↓↓↓

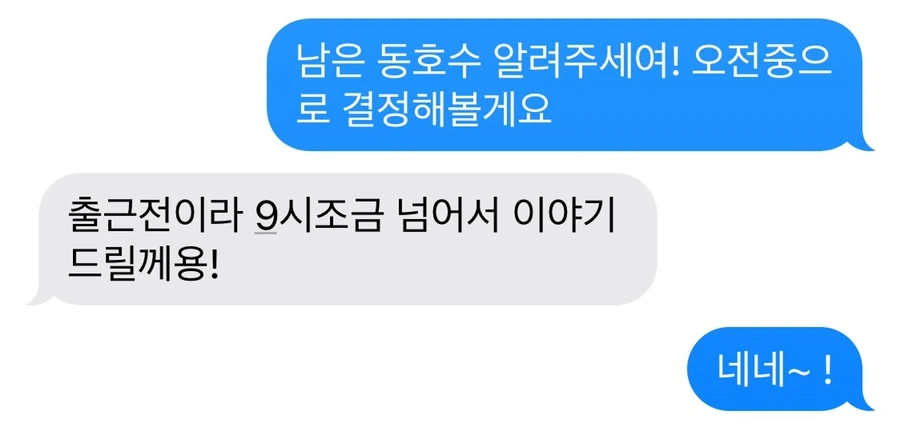 「 지금 남아있는 동호수 좀 알려주세요. 오전 중으로 결정하겠습니다. 」
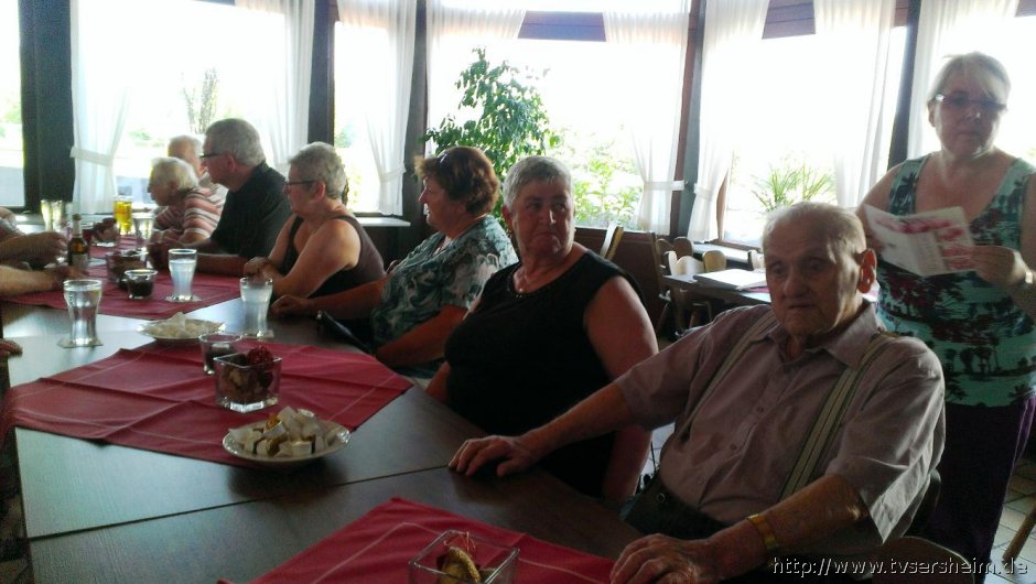 Am Donnerstag, 17. Juli 2015 fand beim TV Sersheim das erste Treffen der Ehrenmitglieder statt. Organisiert wurde das ganze von Ältestenrats Vorsitzender Gerlinde Götz und Ex Vorstand Karin Geske. Los ging es bei Kaffee und selbst-gebackenen Kuchen. Es wurden angeregte Unterhaltungen und Gespräche geführt. Gerda Rau lass ein Gedicht vom Ausflug zu den Sportfreunden in Taufkirchen vor. So mancher erinnerte sich noch daran. Zwischenzeitlich war auch Vorstand Gerd Kurfiß dazu gestoßen. Bei einem Viertele oder Glas Bier sangen alle noch gemeinsam Lieder. Man verabschiedete sich und war sich einig ein unterhaltsamer Nachmittag, der auf jeden Fall wieder statt finden muss.
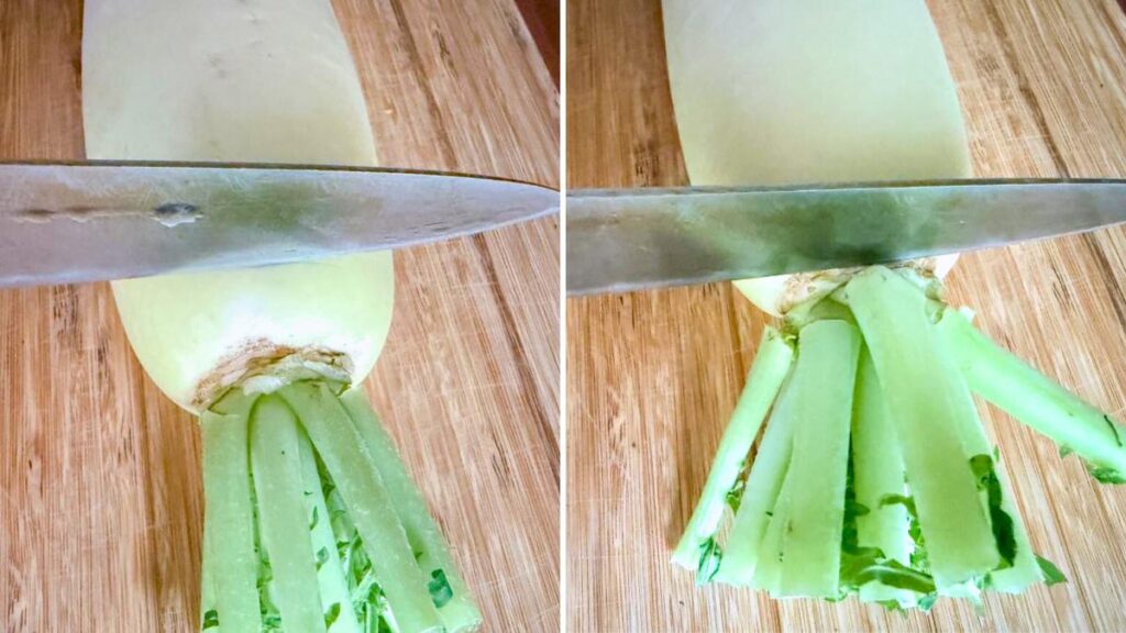 大根の実と葉っぱの境界線ギリギリを狙って切ります。この時点では、断面に茶色い茎の跡が残っていてOKです。
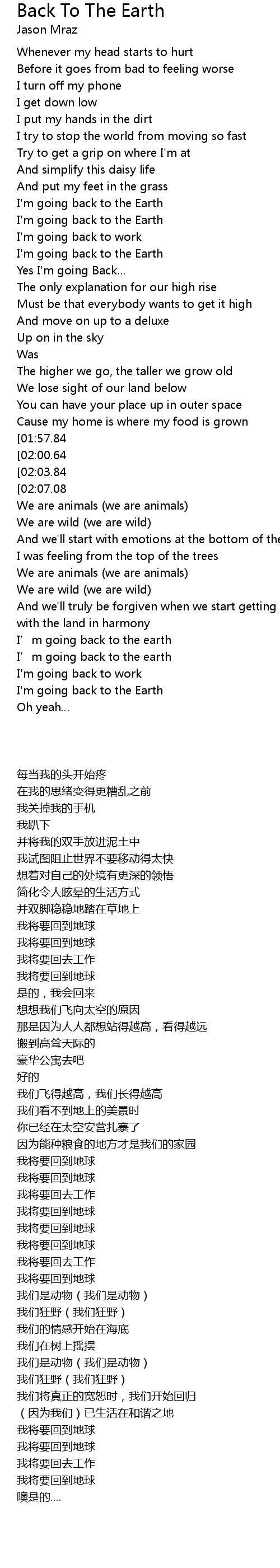 | [02:13.22][02:00.64] | I' m going back to the Earth |
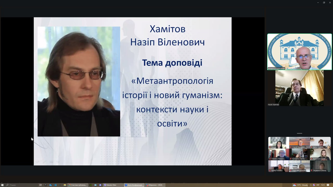 - Хамітов Назіп Віленович, член-кореспондент НАН України, доктор філософських наук, професор, провідний науковий співробітник Інституту філософії ім. Г. С. Сковороди НАН України, Президент Міжнародної асоціації філософського мистецтва. Тема виступу: «Метаантропологія історії і новий гуманізм: контексти науки і освіти».
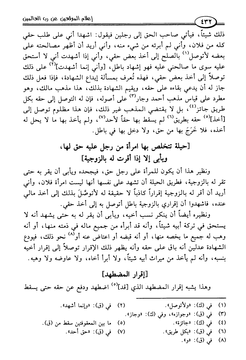 ونظير هذا أن يكون للمرأة على رجل حق، فيجحده ويأبى أن يقر به حتى تقر له بالزوجية، فطريق الحيلة أن تشهد على نفسها أنها ليست امرأة فلان، وأني أريد أن أقر له بالزوجية إقرارًا كاذبًا لا حقيقة له لأتوصَّلَ بذلك إلى أخذ مالي عنده، فاشهدوا أن إقراري بالزوجية باطل أتوصل به إلى أخذ حقي.

↑↑↑

Print each entry above verbatim, pictures left out.

**Expected answer:**
 「 지금 남아있는 동호수 좀 알려주세요. 오전 중으로 결정하겠습니다. 」
 Am Donnerstag, 17. Juli 2015 fand beim TV Sersheim das erste Treffen der Ehrenmitglieder statt. Organisiert wurde das ganze von Ältestenrats Vorsitzender Gerlinde Götz und Ex Vorstand Karin Geske. Los ging es bei Kaffee und selbst-gebackenen Kuchen. Es wurden angeregte Unterhaltungen und Gespräche geführt. Gerda Rau lass ein Gedicht vom Ausflug zu den Sportfreunden in Taufkirchen vor. So mancher erinnerte sich noch daran. Zwischenzeitlich war auch Vorstand Gerd Kurfiß dazu gestoßen. Bei einem Viertele oder Glas Bier sangen alle noch gemeinsam Lieder. Man verabschiedete sich und war sich einig ein unterhaltsamer Nachmittag, der auf jeden Fall wieder statt finden muss.
 大根の実と葉っぱの境界線ギリギリを狙って切ります。この時点では、断面に茶色い茎の跡が残っていてOKです。
 | [02:13.22][02:00.64] | I' m going back to the Earth |
 - Хамітов Назіп Віленович, член-кореспондент НАН України, доктор філософських наук, професор, провідний науковий співробітник Інституту філософії ім. Г. С. Сковороди НАН України, Президент Міжнародної асоціації філософського мистецтва. Тема виступу: «Метаантропологія історії і новий гуманізм: контексти науки і освіти».
 ونظير هذا أن يكون للمرأة على رجل حق، فيجحده ويأبى أن يقر به حتى تقر له بالزوجية، فطريق الحيلة أن تشهد على نفسها أنها ليست امرأة فلان، وأني أريد أن أقر له بالزوجية إقرارًا كاذبًا لا حقيقة له لأتوصَّلَ بذلك إلى أخذ مالي عنده، فاشهدوا أن إقراري بالزوجية باطل أتوصل به إلى أخذ حقي.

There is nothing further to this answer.